That it's possible has already been proven [1]. Obviously there are limits to self-improvement, but we are ourselves limited in similar ways, ie. we are very likely simply finite state automatons.

[1] https://en.wikipedia.org/wiki/G%C3%B6del_machine




>Though theoretically possible, no full implementation has existed before.

And it's called a Goedel Machine because it has to prove, within an initial fixed logical language, that its improved program will be globally optimal. Rice's Theorem says this task is impossible in general (provided we stay within the deterministic, logical setting), and Chaitin's Incompleteness Theorem implies it should be increasingly impossible even in specific: the longer a successor program we search for (to incorporate knowledge that makes it smarter), the greater the chance of hitting a sufficiently complex successor candidate that we can't prove its optimality with our existing Goedel Machine program.

Again, that's within the paradigm of deterministic logics in which proof-checking is semi-decidable. Real brains don't stick within that paradigm (they're natively probabilistic), and thus AGI probably won't stay within that paradigm either.


Exactly, you have to tack on quite a few "provisos" in order to argue it's impossible. There are in fact many ways to circumvent incompleteness upon which every theorem you've quoted depends. Goedel machines have actually been built [1], so their existence isn't just theoretical.

[1] http://people.idsia.ch/~juergen/agi2011bas.pdf

[2] http://people.idsia.ch/~juergen/selfreflection.pdf

Edit: to see another way forward, consider alternate/finitistic arithmetics [3] which are neither stronger nor weaker than Peano arithmetic, but which do not exhibit incompleteness. Arguably, Goedel's theorems pass due to the inherent infinities of the successor axiom, but with an arithmetic like Andrew Boucher's system F (not to be confused with system F in programming language theory), no successor axiom exists, and so we cannot assume that the set of numbers is infinite, and we can enjoy full induction without difficulty. There is still a lot of surprising territory to explore in the foundations of mathematics.

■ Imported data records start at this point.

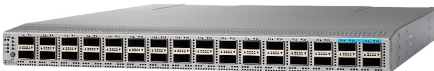
Figure 3. Cisco Nexus 93180LC-EX Switch

The Cisco Nexus 93180LC-EX Switch is the industry's first 50-Gbps-capable 1RU switch that supports 3.6 Tbps of bandwidth and over 2.6 bpps across up to 32 fixed 40- and 50-Gbps QSFP+ ports or up to 18 fixed 100-Gbps ports (Figure 3). The switch can support up to 72 10-Gbps ports using breakout cables. A variety of flexible port configurations are supported using templates.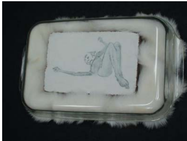
Fig. 11, Untitled, 2004

The simplicity of the rhythm produced the effect of an economy as well as lightness of expression. By lightness of expression I mean the effect that all the ingredients of a piece seem to belong together naturally and without being forced. These ingredients being disentangled from the reality of the physical world were bound together as a necessary combination. Images appear in the moment of detachment from the constructed self, the poetry of images. Images are come and go and the consciousness doesn't hold on to them. Any reproduction of the images is a journey into the past to the moment of the first appearance of an image. Such a journey is possible by means of memory. If the memory of an appearance of an image is clear, the representation will be most exact. If an image in memory is partially washed-out, then what is represented is an excavation of an image. During an excavation another detachment of the self can occur and then a new image gets superimposed on the excavation of another one.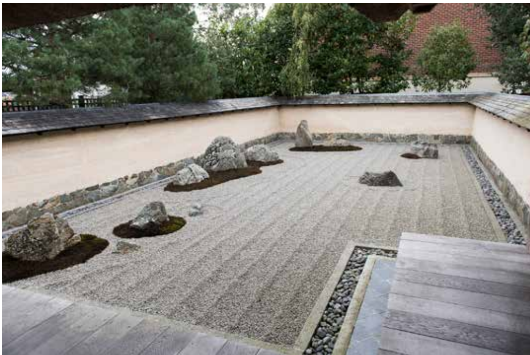
The Zen Garden

Nevertheless, with me giving instructions and all of us working together, our little group of friends managed to secure the stones with ropes and move their position or change the direction in which they faced.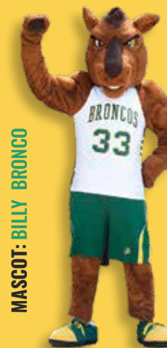
MASCOT: BILLY BRONCO

NCAA DIVISION II ATHLETICS WITH 11 TEAMS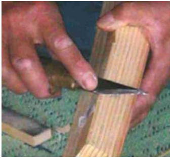
Traditional chisel showing the cutting angle. This is his "workhorse" tool.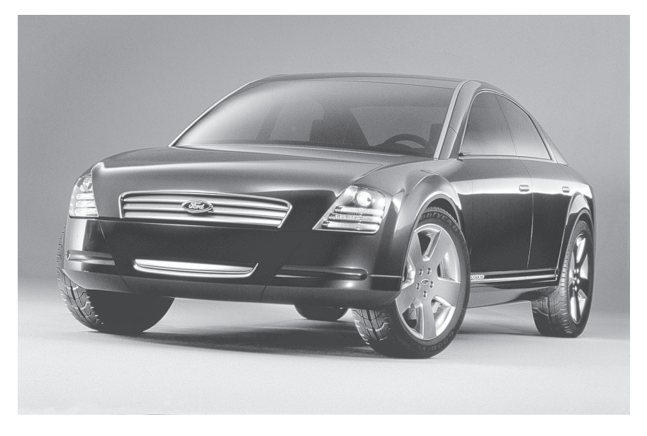
FIGURE 4-2 The Ford Prodigy concept vehicle. Source: Ford Motor Company and USCAR.

69 in (1,755 mm), a curb weight of 2,385 lbs (1,083 kg), and an aerodynamic drag coefficient of 0.199.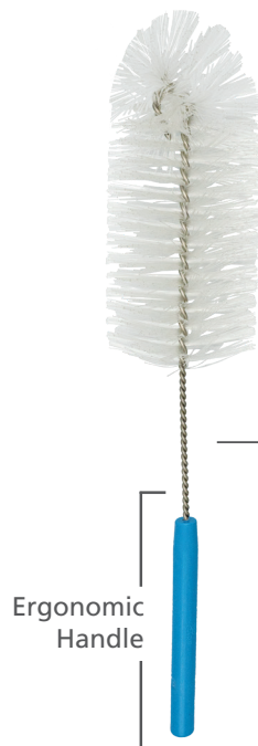
REUSABLE JAR/BOTTLE BRUSH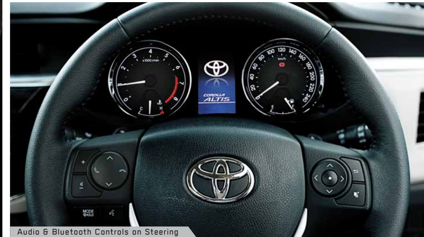
Audio & Bluetooth Controls on Steering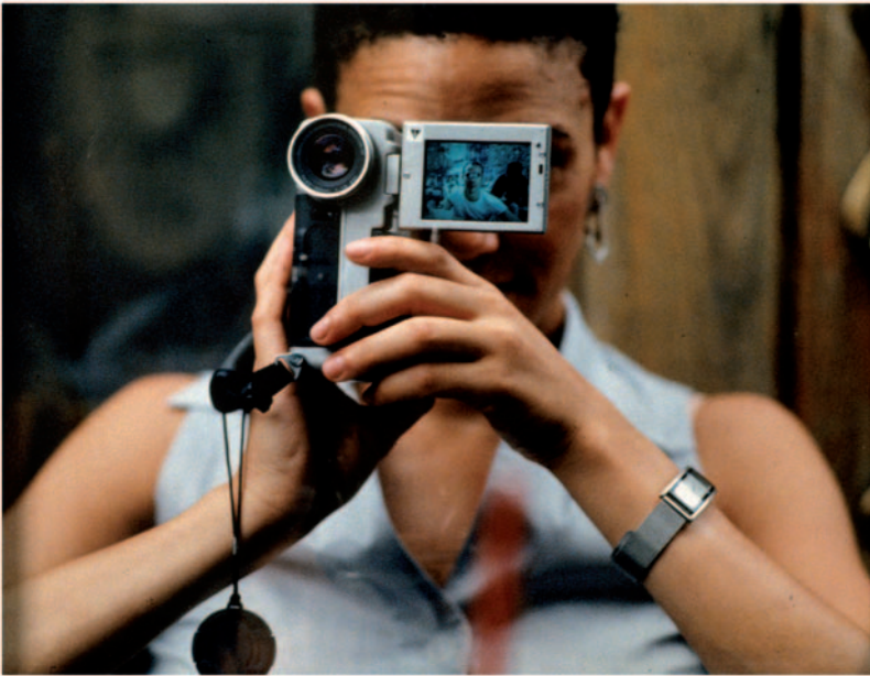
Figure 6 Shot Reverse Shot , 2001 (Type-C print and single channel video) © Warren Neidich

By moving through his parents' house and its environments, the artist explored and questioned one of the core functions of photography: capturing traces of actuality. As Roland Barthes showed poignantly in Camera Lucida (1981), the photograph occupies the place of remembrance and mourning. It remains striking that by capturing images of beloved persons and places, the present of that particular moment is inscribed into the surface of the filmic material the very moment it is taken and is turned into the past. Neidich's series of Law of Loci above all visualizes this paradoxical nature of photography.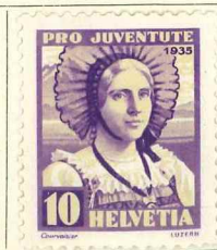
Violet and buff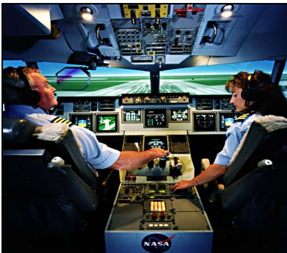
Figure 1 Flight Simulator (NASA)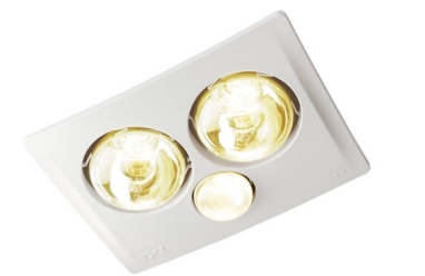
IXL Tastic 3-in-1 Light/Heater/Fan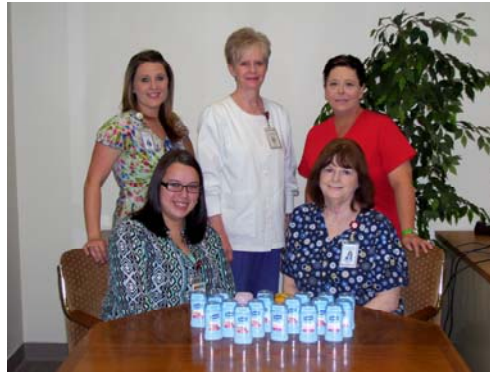
HOME HEALTH DEPT.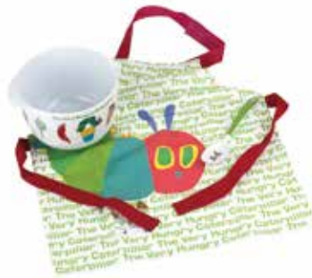
mummy's and mine set bowl: 19 x 12cm/7.5 x 4.75in spoon: 18.5cm/7.25in apron: 49 x 50cm/19.25 x 19.75in VHC78841-XW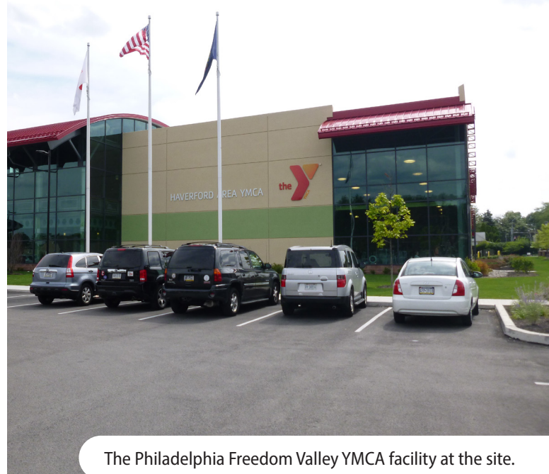
The Philadelphia Freedom Valley YMCA facility at the site.

Over time, the revitalization of the site has continued, returning the land to productive reuse. The site supports five businesses, including the YMCA, a physical therapy clinic, a grocery store, a restaurant and a storage facility. In 2018, these businesses employed over 400 people and generated an estimated $9 million in annual sales.

[3] https://golem.ph.utexas.edu/category/2011/10/weak_systems_of...


>Exactly, you have to tack on quite a few "provisos" in order to argue it's impossible.

I wouldn't say it's strictly impossible. I would say the limit is environmental, rather than no limit existing. At a certain point, the available signals from the environment are as precise as they're going to get, the mind is as informed as it's going to get, and no further improvements are possible without a whole complicated raft of new experiences.

Kinda like how science often hits the point where we can't actually shift into a new Kuhnian paradigm by pure deduction, but actually have to do expensive, difficult experiments.


Interesting that you say "provided we stay within the deterministic, logical setting" because Paul Christiano's work shows that if we move to the probabilistic domain (the real world) it becomes possible.


Really fascinating stuff. I guess an AGI has to skirt the boundary between the purely rational (i.e. evaluating statements of propositional logic), and irrational (i.e. intuition).


What do you think intuition is, mechanically?


Probably a hidden Markov process[1]?

[1] https://en.wikipedia.org/wiki/Hidden_Markov_model


The point is more that intuition isn't something opposed to rationality, rather it is a decidedly deterministic logical process that you merely lack conscious insight into.


I hadn't ever thought of it that way. I guess it's a false dichotomy.

I've been reading up on deep belief networks and Restricted Boltzmann machines. Using these tools definitely reflects a deterministic logical process, there just happens to be hidden state involved.